WORK ORDER >> Retype the data below, every word of it, exactly.
──────
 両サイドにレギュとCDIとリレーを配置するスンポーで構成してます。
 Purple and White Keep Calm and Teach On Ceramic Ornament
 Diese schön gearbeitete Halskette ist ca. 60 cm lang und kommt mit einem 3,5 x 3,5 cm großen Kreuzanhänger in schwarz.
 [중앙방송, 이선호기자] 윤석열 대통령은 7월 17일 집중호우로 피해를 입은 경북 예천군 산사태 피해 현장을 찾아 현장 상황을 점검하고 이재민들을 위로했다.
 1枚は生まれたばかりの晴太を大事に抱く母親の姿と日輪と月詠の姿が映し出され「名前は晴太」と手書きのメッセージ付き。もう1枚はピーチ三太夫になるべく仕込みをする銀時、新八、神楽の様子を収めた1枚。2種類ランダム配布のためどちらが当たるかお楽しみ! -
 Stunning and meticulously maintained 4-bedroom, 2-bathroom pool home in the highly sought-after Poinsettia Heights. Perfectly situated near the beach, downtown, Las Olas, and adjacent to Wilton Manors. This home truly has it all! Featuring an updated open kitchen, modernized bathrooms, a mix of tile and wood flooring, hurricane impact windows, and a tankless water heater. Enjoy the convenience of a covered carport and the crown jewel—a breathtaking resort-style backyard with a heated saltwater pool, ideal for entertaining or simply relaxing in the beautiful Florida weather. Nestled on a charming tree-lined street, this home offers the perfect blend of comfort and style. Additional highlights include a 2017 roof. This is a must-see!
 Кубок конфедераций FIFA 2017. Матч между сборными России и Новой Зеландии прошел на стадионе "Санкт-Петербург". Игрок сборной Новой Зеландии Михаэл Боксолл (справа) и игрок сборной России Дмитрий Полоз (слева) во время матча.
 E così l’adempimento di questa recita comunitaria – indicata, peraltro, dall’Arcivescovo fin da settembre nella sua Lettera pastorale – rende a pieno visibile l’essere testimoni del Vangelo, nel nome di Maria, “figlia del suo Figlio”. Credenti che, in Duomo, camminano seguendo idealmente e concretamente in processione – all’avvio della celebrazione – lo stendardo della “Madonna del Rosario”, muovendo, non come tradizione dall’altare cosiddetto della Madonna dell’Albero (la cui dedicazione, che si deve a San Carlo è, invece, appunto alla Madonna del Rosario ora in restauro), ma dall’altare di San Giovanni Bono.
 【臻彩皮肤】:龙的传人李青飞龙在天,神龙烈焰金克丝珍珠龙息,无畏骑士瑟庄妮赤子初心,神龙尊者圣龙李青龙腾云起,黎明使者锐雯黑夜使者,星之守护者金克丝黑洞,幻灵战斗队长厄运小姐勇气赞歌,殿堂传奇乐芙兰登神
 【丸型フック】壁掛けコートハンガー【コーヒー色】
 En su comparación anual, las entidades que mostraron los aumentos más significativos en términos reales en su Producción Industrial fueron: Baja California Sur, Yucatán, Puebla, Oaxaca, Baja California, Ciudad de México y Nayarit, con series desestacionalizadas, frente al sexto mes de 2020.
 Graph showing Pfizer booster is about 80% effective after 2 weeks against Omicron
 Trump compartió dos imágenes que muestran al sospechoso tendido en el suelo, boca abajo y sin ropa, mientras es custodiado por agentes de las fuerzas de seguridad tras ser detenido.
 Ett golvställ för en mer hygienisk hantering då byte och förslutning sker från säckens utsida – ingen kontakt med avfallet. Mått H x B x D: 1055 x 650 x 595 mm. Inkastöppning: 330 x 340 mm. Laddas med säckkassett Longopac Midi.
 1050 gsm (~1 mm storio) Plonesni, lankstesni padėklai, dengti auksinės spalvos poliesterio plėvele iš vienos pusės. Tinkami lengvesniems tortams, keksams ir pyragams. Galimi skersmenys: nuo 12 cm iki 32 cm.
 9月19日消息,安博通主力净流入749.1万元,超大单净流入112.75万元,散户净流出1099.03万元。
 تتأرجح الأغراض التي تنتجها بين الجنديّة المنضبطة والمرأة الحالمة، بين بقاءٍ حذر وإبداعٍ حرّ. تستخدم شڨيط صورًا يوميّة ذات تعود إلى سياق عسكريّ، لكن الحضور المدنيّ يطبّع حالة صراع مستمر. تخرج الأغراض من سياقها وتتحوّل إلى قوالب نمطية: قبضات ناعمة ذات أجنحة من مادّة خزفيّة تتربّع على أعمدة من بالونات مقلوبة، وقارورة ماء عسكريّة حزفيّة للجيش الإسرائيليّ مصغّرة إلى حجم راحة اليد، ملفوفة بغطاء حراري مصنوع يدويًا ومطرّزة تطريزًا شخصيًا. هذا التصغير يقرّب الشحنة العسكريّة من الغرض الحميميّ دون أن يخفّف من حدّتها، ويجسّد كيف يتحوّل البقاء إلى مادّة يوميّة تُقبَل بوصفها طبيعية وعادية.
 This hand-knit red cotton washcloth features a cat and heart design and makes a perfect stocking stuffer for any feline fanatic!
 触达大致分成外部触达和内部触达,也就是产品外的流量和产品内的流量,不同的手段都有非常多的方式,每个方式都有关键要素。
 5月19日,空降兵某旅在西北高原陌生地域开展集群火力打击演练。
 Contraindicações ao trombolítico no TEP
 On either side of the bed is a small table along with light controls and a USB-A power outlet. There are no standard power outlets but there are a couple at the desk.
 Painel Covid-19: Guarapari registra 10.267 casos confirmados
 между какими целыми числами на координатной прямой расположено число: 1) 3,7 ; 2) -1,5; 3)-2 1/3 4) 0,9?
──────
YOUR SOLUTION >>
 両サイドにレギュとCDIとリレーを配置するスンポーで構成してます。
 Purple and White Keep Calm and Teach On Ceramic Ornament
 Diese schön gearbeitete Halskette ist ca. 60 cm lang und kommt mit einem 3,5 x 3,5 cm großen Kreuzanhänger in schwarz.
 [중앙방송, 이선호기자] 윤석열 대통령은 7월 17일 집중호우로 피해를 입은 경북 예천군 산사태 피해 현장을 찾아 현장 상황을 점검하고 이재민들을 위로했다.
 1枚は生まれたばかりの晴太を大事に抱く母親の姿と日輪と月詠の姿が映し出され「名前は晴太」と手書きのメッセージ付き。もう1枚はピーチ三太夫になるべく仕込みをする銀時、新八、神楽の様子を収めた1枚。2種類ランダム配布のためどちらが当たるかお楽しみ! -
 Stunning and meticulously maintained 4-bedroom, 2-bathroom pool home in the highly sought-after Poinsettia Heights. Perfectly situated near the beach, downtown, Las Olas, and adjacent to Wilton Manors. This home truly has it all! Featuring an updated open kitchen, modernized bathrooms, a mix of tile and wood flooring, hurricane impact windows, and a tankless water heater. Enjoy the convenience of a covered carport and the crown jewel—a breathtaking resort-style backyard with a heated saltwater pool, ideal for entertaining or simply relaxing in the beautiful Florida weather. Nestled on a charming tree-lined street, this home offers the perfect blend of comfort and style. Additional highlights include a 2017 roof. This is a must-see!
 Кубок конфедераций FIFA 2017. Матч между сборными России и Новой Зеландии прошел на стадионе "Санкт-Петербург". Игрок сборной Новой Зеландии Михаэл Боксолл (справа) и игрок сборной России Дмитрий Полоз (слева) во время матча.
 E così l’adempimento di questa recita comunitaria – indicata, peraltro, dall’Arcivescovo fin da settembre nella sua Lettera pastorale – rende a pieno visibile l’essere testimoni del Vangelo, nel nome di Maria, “figlia del suo Figlio”. Credenti che, in Duomo, camminano seguendo idealmente e concretamente in processione – all’avvio della celebrazione – lo stendardo della “Madonna del Rosario”, muovendo, non come tradizione dall’altare cosiddetto della Madonna dell’Albero (la cui dedicazione, che si deve a San Carlo è, invece, appunto alla Madonna del Rosario ora in restauro), ma dall’altare di San Giovanni Bono.
 【臻彩皮肤】:龙的传人李青飞龙在天,神龙烈焰金克丝珍珠龙息,无畏骑士瑟庄妮赤子初心,神龙尊者圣龙李青龙腾云起,黎明使者锐雯黑夜使者,星之守护者金克丝黑洞,幻灵战斗队长厄运小姐勇气赞歌,殿堂传奇乐芙兰登神
 【丸型フック】壁掛けコートハンガー【コーヒー色】
 En su comparación anual, las entidades que mostraron los aumentos más significativos en términos reales en su Producción Industrial fueron: Baja California Sur, Yucatán, Puebla, Oaxaca, Baja California, Ciudad de México y Nayarit, con series desestacionalizadas, frente al sexto mes de 2020.
 Graph showing Pfizer booster is about 80% effective after 2 weeks against Omicron
 Trump compartió dos imágenes que muestran al sospechoso tendido en el suelo, boca abajo y sin ropa, mientras es custodiado por agentes de las fuerzas de seguridad tras ser detenido.
 Ett golvställ för en mer hygienisk hantering då byte och förslutning sker från säckens utsida – ingen kontakt med avfallet. Mått H x B x D: 1055 x 650 x 595 mm. Inkastöppning: 330 x 340 mm. Laddas med säckkassett Longopac Midi.
 1050 gsm (~1 mm storio) Plonesni, lankstesni padėklai, dengti auksinės spalvos poliesterio plėvele iš vienos pusės. Tinkami lengvesniems tortams, keksams ir pyragams. Galimi skersmenys: nuo 12 cm iki 32 cm.
 9月19日消息,安博通主力净流入749.1万元,超大单净流入112.75万元,散户净流出1099.03万元。
 تتأرجح الأغراض التي تنتجها بين الجنديّة المنضبطة والمرأة الحالمة، بين بقاءٍ حذر وإبداعٍ حرّ. تستخدم شڨيط صورًا يوميّة ذات تعود إلى سياق عسكريّ، لكن الحضور المدنيّ يطبّع حالة صراع مستمر. تخرج الأغراض من سياقها وتتحوّل إلى قوالب نمطية: قبضات ناعمة ذات أجنحة من مادّة خزفيّة تتربّع على أعمدة من بالونات مقلوبة، وقارورة ماء عسكريّة حزفيّة للجيش الإسرائيليّ مصغّرة إلى حجم راحة اليد، ملفوفة بغطاء حراري مصنوع يدويًا ومطرّزة تطريزًا شخصيًا. هذا التصغير يقرّب الشحنة العسكريّة من الغرض الحميميّ دون أن يخفّف من حدّتها، ويجسّد كيف يتحوّل البقاء إلى مادّة يوميّة تُقبَل بوصفها طبيعية وعادية.
 This hand-knit red cotton washcloth features a cat and heart design and makes a perfect stocking stuffer for any feline fanatic!
 触达大致分成外部触达和内部触达,也就是产品外的流量和产品内的流量,不同的手段都有非常多的方式,每个方式都有关键要素。
 5月19日,空降兵某旅在西北高原陌生地域开展集群火力打击演练。
 Contraindicações ao trombolítico no TEP
 On either side of the bed is a small table along with light controls and a USB-A power outlet. There are no standard power outlets but there are a couple at the desk.
 Painel Covid-19: Guarapari registra 10.267 casos confirmados
 между какими целыми числами на координатной прямой расположено число: 1) 3,7 ; 2) -1,5; 3)-2 1/3 4) 0,9?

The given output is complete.